→ **Exercise**
Copy the listing that follows exactly. Its pictures do not belong in the copy.

→ **Given material**

◆ ◆ ◆ ◆ ◆

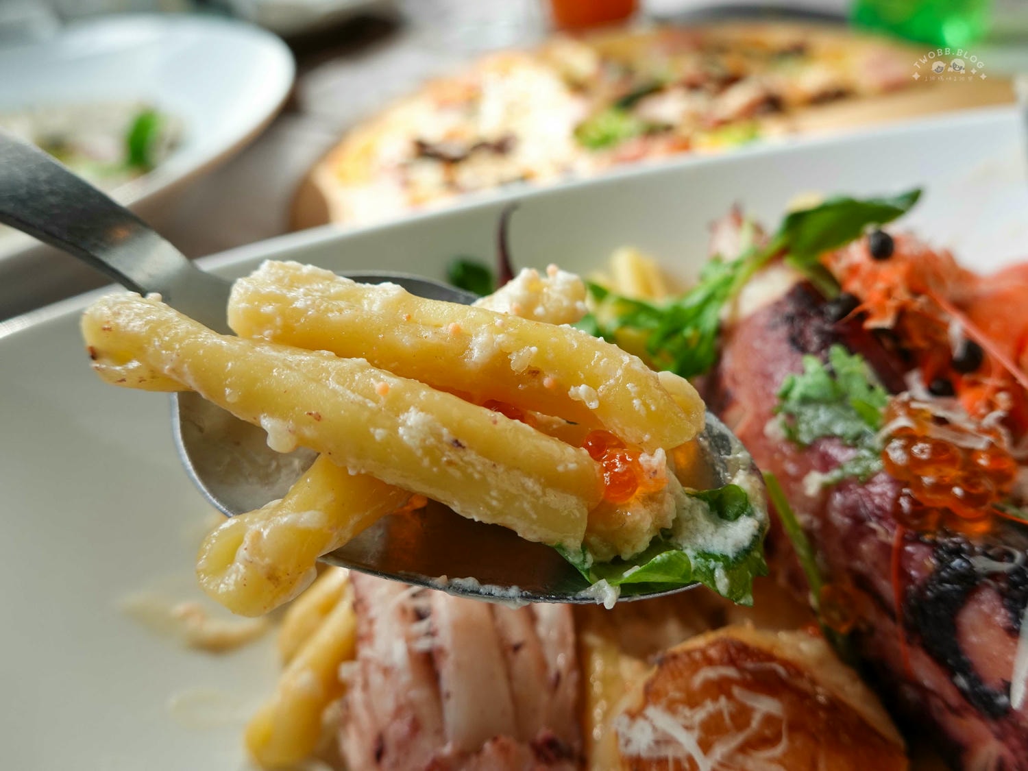 每條麻花捲麵巴著濃郁白醬,入口依稀能感覺明太子在嘴裡不斷游移,形容是滿口鮮味也不為過。麻花捲麵是我愛的那種QQ有咬感的風味,非常喜歡!
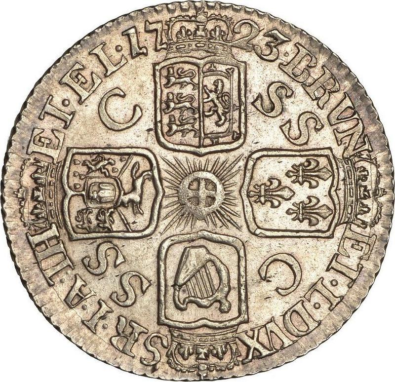 Sixpence 1723. "SS" and "C" in angles (United Kingdom, George I)
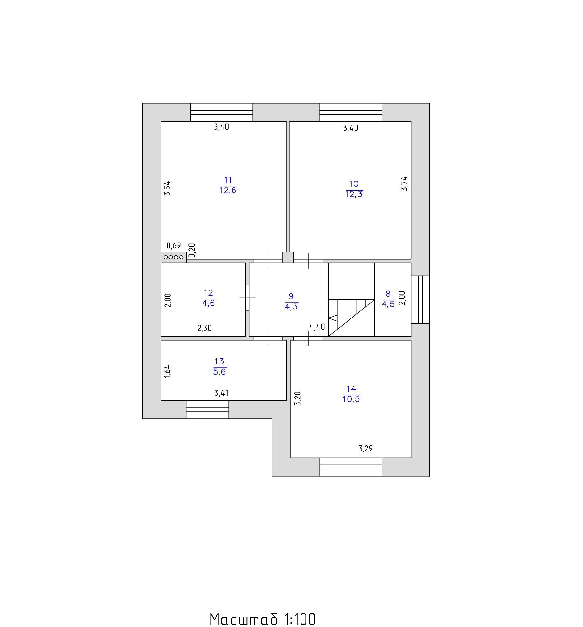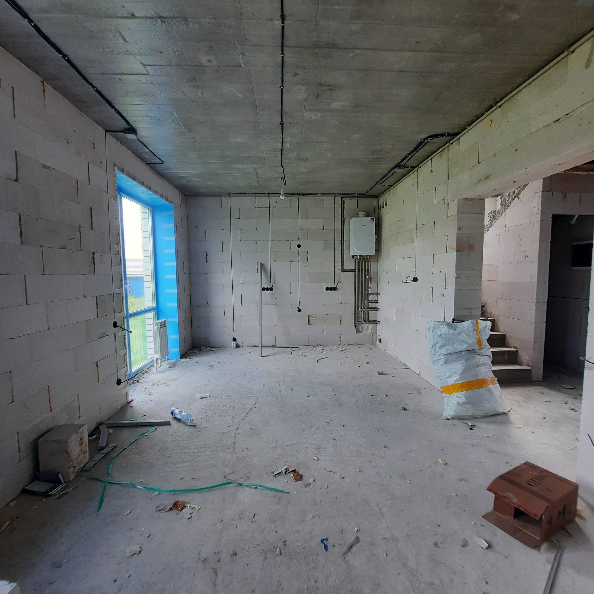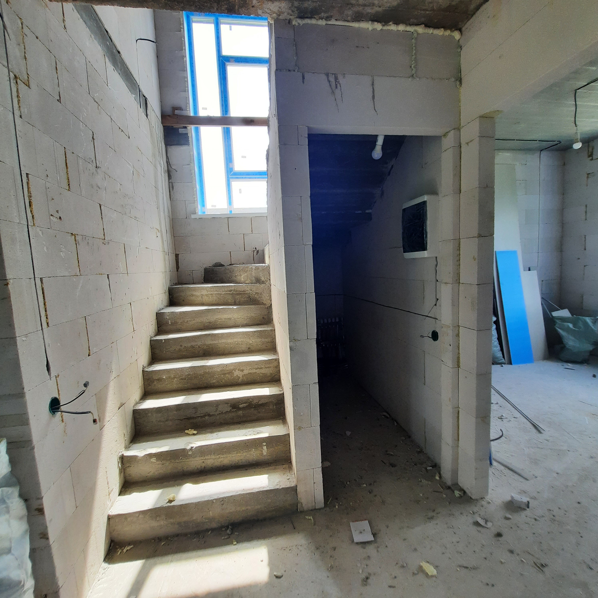 Лестница на второй этаж железобетонная.

◆ ◆ ◆ ◆ ◆

→ **Task answer**
 每條麻花捲麵巴著濃郁白醬,入口依稀能感覺明太子在嘴裡不斷游移,形容是滿口鮮味也不為過。麻花捲麵是我愛的那種QQ有咬感的風味,非常喜歡!
 Sixpence 1723. "SS" and "C" in angles (United Kingdom, George I)
 Лестница на второй этаж железобетонная.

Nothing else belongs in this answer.